In Western media, we hear reports that Muslim women are relegated to a second class, largely powerless status and are denied education, independence and employment. We hear stories of women brutalized and abused.
As March winds blasted the region, West County lawyer Lubabah Abdullah’s hair remained neat under a bright scarf, giving her the élan of Grace Kelly riding in a sleek convertible with Cary Grant. Abdullah, an American-born Muslim of Sudanese Arab heritage wraps her head in bright colored scarves for modesty.

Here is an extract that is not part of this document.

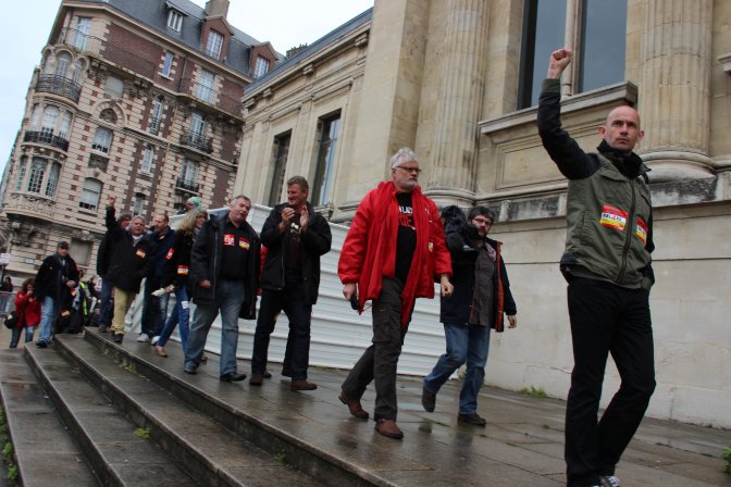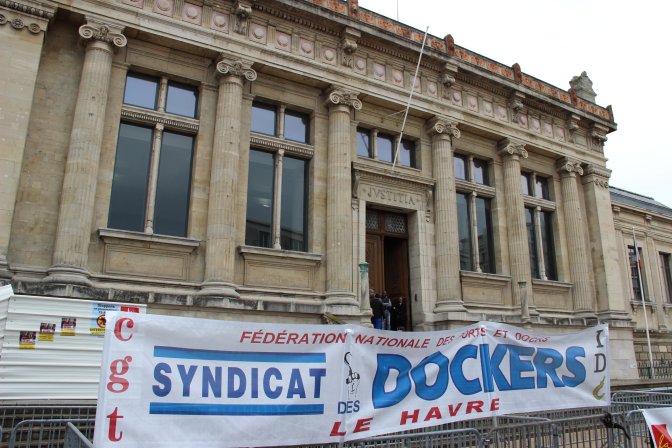 Nous avons commenté sur Bellaciao les deux affaires qui ont conduit Reynald Kubecki et Jacques Richer (co-secrétaires de l’union locale CGT du Havre), Pierre Lebas (ancien secrétaire général de la même UL) et Dominique Mutel (militant de la CGT Construction) devant le tribunal correctionnel. La première concernait un collage d’affiches sur les vitrines des permanences du PS et du PRG havrais. La seconde parlait du porte-documents d’un huissier siffleur parti en fumée dans un feu de palettes lors d’un conflit social.

Mehnaz Afridi was astonished to learn that half of this area’s Muslims are Bosnians. The Muslim scholar will be in the area March 31 to give the Lee Institute lecture on the issues faced by Muslim women. For many in St. Louis, one of the main issues is correcting misperceptions.
The great majority of Bosnians resettled here between 20 and 11 years ago to escape the former Yugoslavia’s devastating war of religious persecution in 1992-95. Members of the new generation, born in St. Louis, are now graduating from high school.
A 2013 report from the Council on American-Islamic Relations (CAIR) identifies a network of 37 organizations that systematically promote anti-Muslim sentiment in America through prejudice, fear and hatred. CAIR calls it Islamophobia.
According to tax filings analyzed by CAIR, this network had access to nearly $120 million between 2008 and 2011.